# Material provided
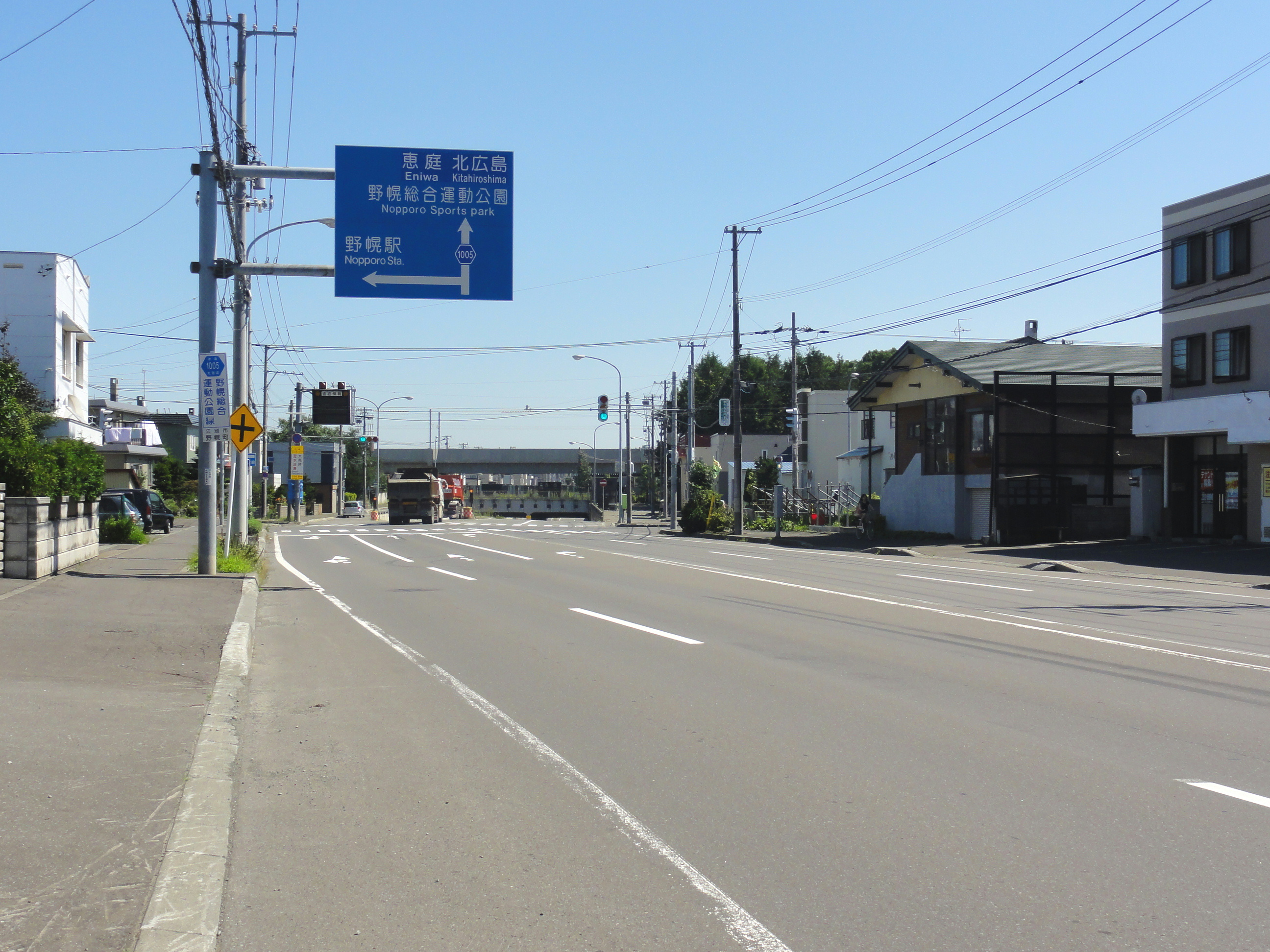 Hokkaido Pref Route 1005 (Ebetsu, Hokkaidō)
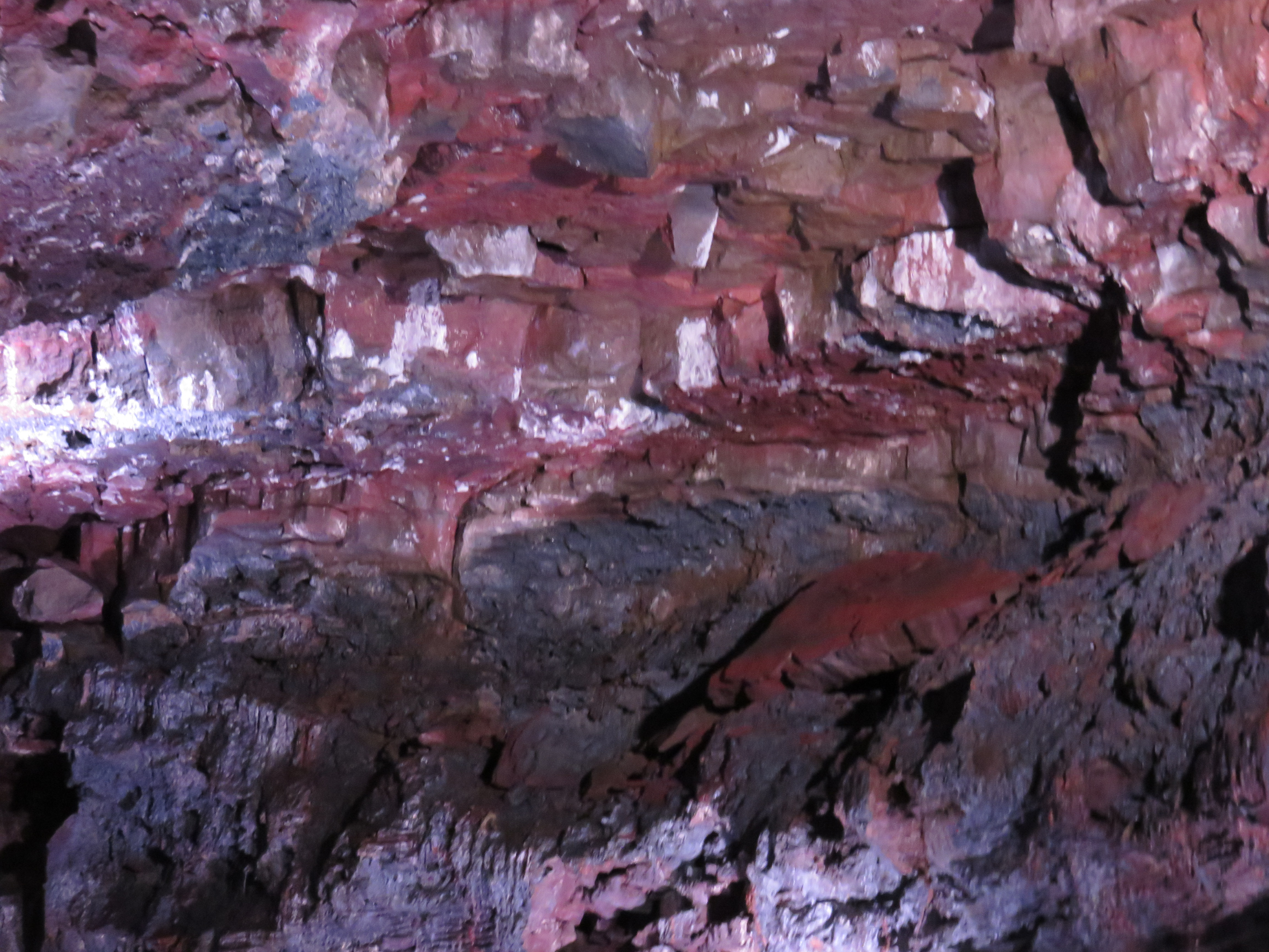 Interior of Raufarhólshellir lava tube in Iceland
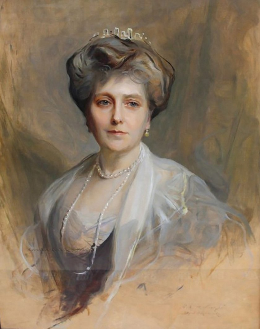 Princess Henry of Battenberg, née Princess Beatrice of Great Britain
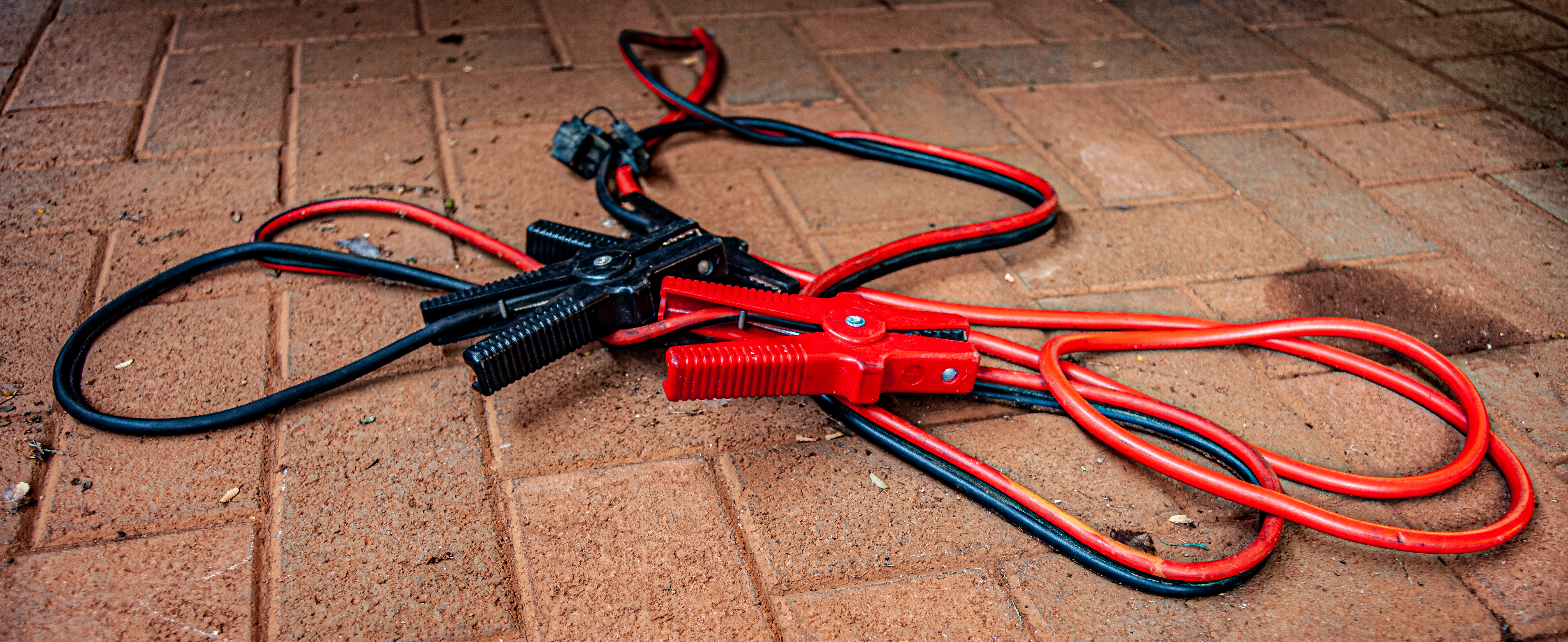 this was taking in a lot in Pretoria, South Africa

# Work request
Copy out the listing above exactly, and keep the pictures out of it.

# Answer to this task
 Hokkaido Pref Route 1005 (Ebetsu, Hokkaidō)
 Interior of Raufarhólshellir lava tube in Iceland
 Princess Henry of Battenberg, née Princess Beatrice of Great Britain
 this was taking in a lot in Pretoria, South Africa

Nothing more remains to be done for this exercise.